▸ **The records**:
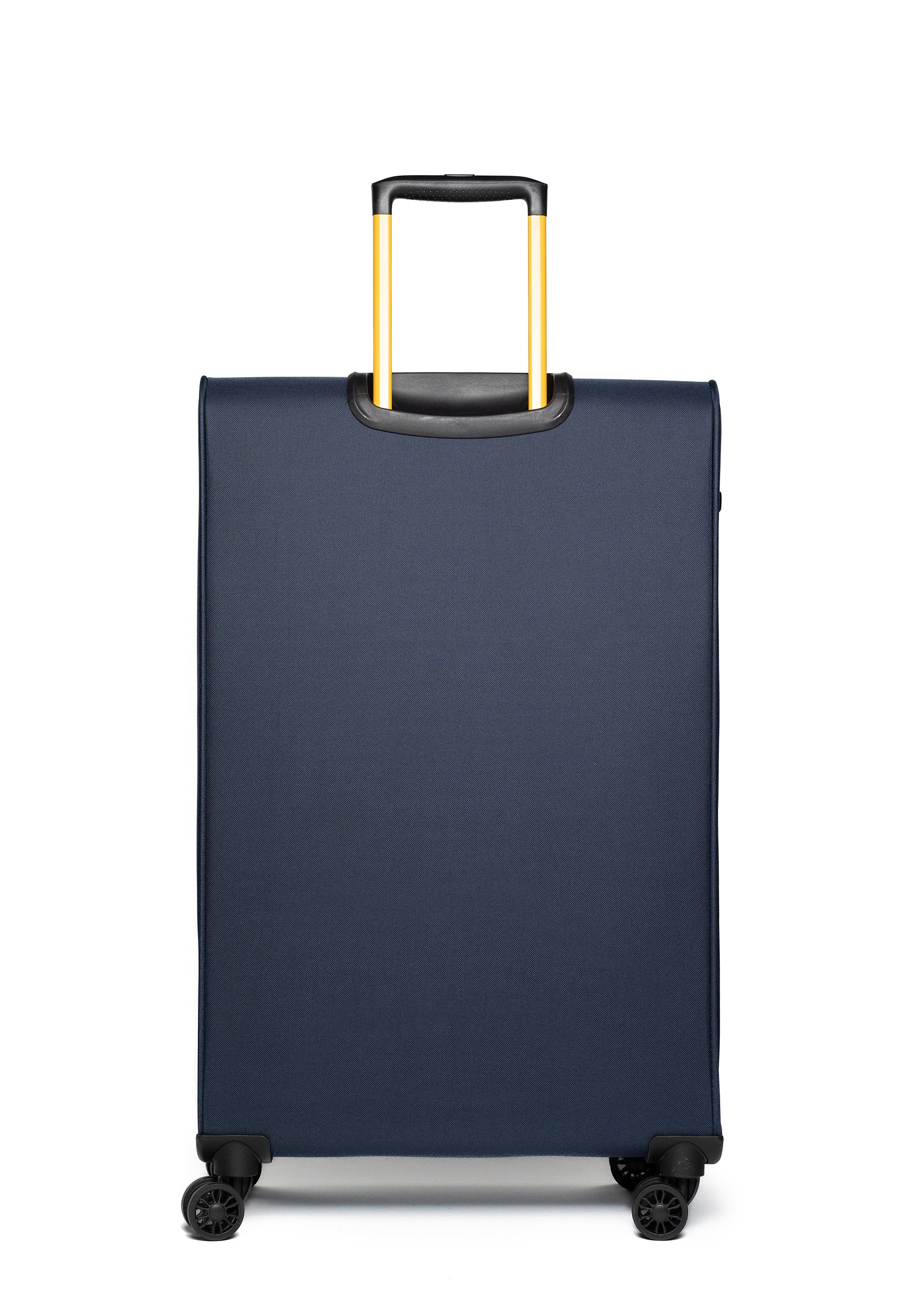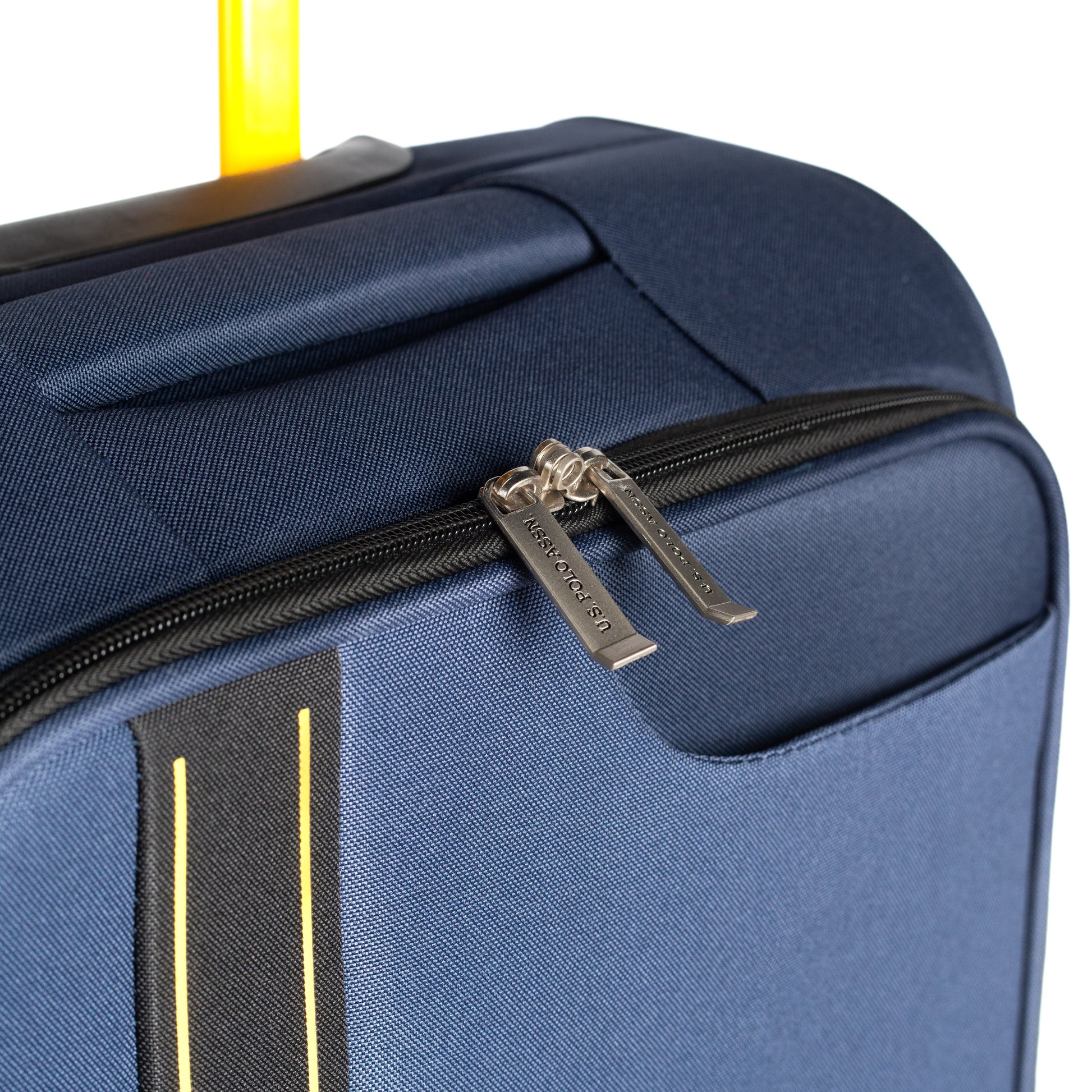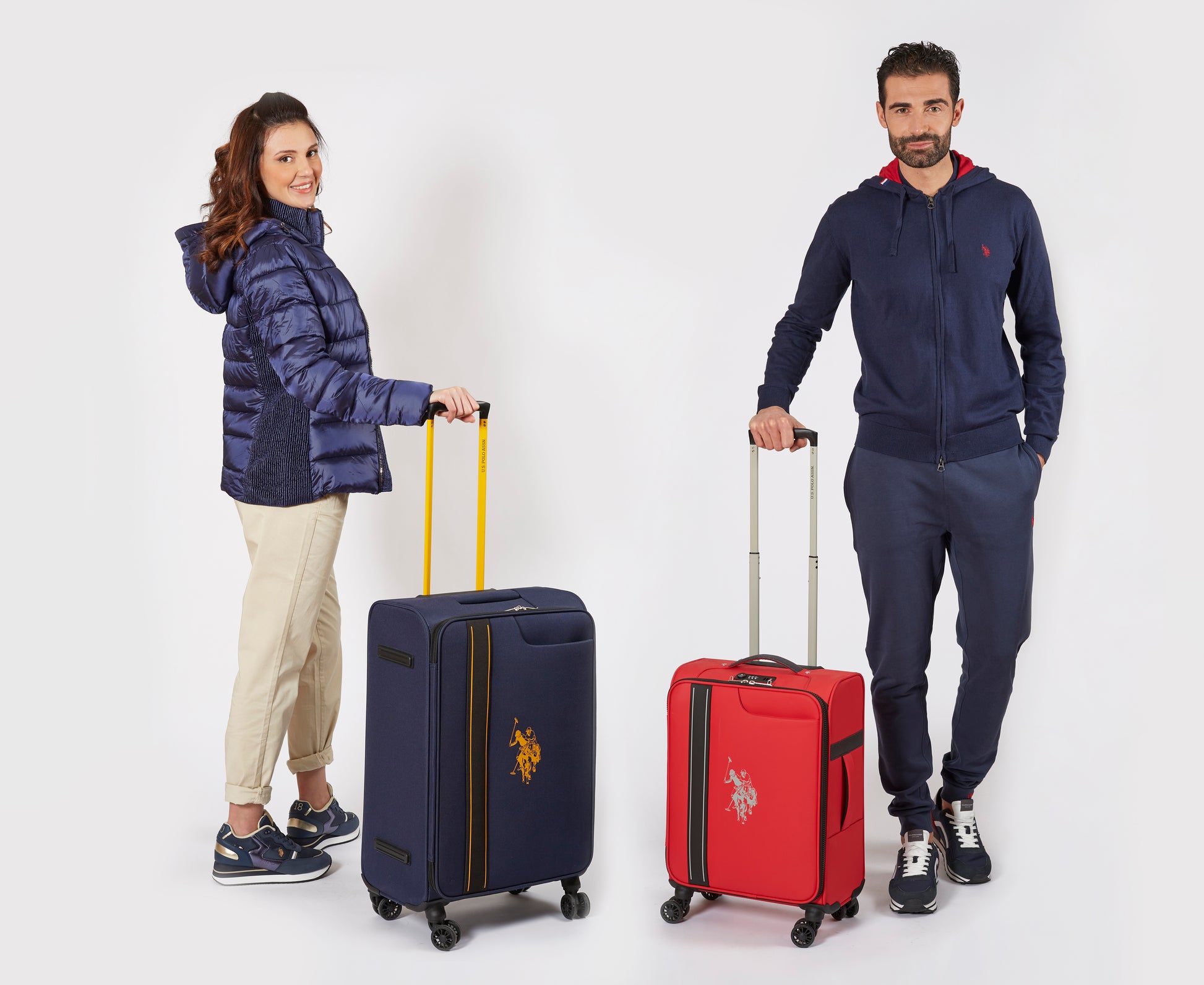 Sport-inspired softsides for flexible packing. Lightweight polyester bodies ride on stable spinner wheels and a smooth trolley; pockets and paneling give quick access to travel essentials. The look is clean and athletic, with the USPA emblem placed upfront. (Cabin size omits the side handle for a trimmer silhouette.)
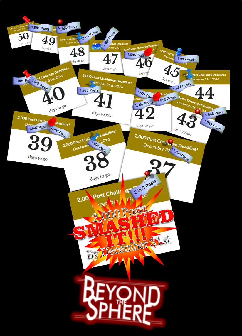 I was determined I was going to see this challenge out. On February 29th this year, I outlined what I needed to do. I simply had to publish another 399 posts back then by the end of the year to achieve my goal. Well, I SMASHED it!
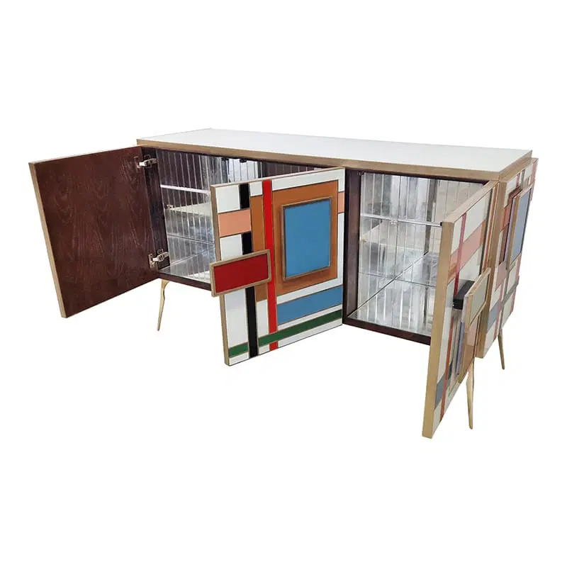 Credenza interamente realizzata a mano, con tre ante e due vani interni, ciascuno rivestito a specchio e dotato di un ripiano interno in vetro trasparente, struttura in legno rivestita con inserti di vetro multicolore, strip led per illuminazione a perimetro degli elementi sporgenti e delle maniglie; profili e piedi in ottone.
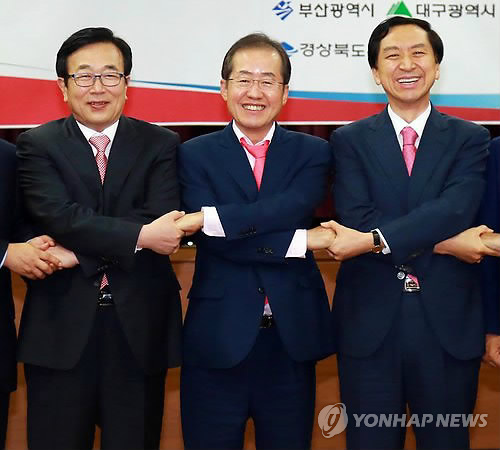 | △ 동남권 광역단체장 3인방 (울산=연합뉴스) 동남권 광역단체장인 서병수 부산시장, 홍준표 경남도지사, 김기현 울산시장(왼쪽부터)이 최근 잦은 접촉으로 소통과 연대 움직임을 보이고 있다. 지난해 10월 영남권 시도지사협의회에 참석한 3개 도시 단체장들. <<연합뉴스 DB>> 2015.3.11 |
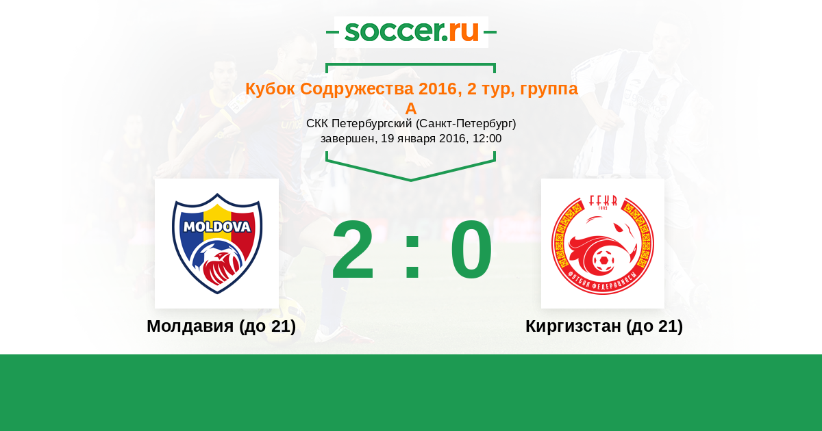 Кубок Содружества 19.01.2016 Молдавия (до 21)   2:0   Киргизстан (до 21)
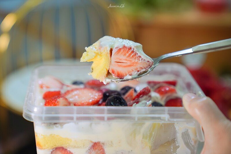 上層鋪著滿滿的頂級鮮奶油,除了草莓以外,還有利用藍莓做顏色的點綴
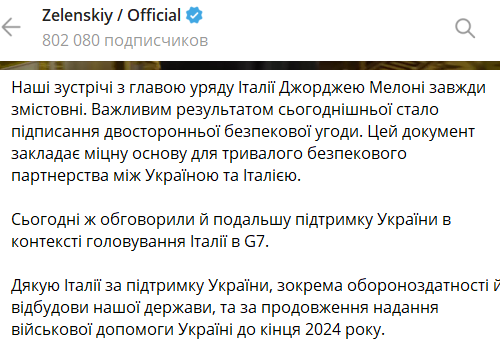 "Важным результатом сегодняшней встречи стало подписание двустороннего соглашения о безопасности. Этот документ закладывает прочную основу для длительного партнерства безопасности между Украиной и Италией", - написал Зеленский.

▸ **Directions for this task**: Each line from the one holding "Кубок Содружества 19.01.2016" to the end of the records above must be copied exactly; the pictures must not be copied.

▸ **Result below**:
 Кубок Содружества 19.01.2016 Молдавия (до 21)   2:0   Киргизстан (до 21)
 上層鋪著滿滿的頂級鮮奶油,除了草莓以外,還有利用藍莓做顏色的點綴
 "Важным результатом сегодняшней встречи стало подписание двустороннего соглашения о безопасности. Этот документ закладывает прочную основу для длительного партнерства безопасности между Украиной и Италией", - написал Зеленский.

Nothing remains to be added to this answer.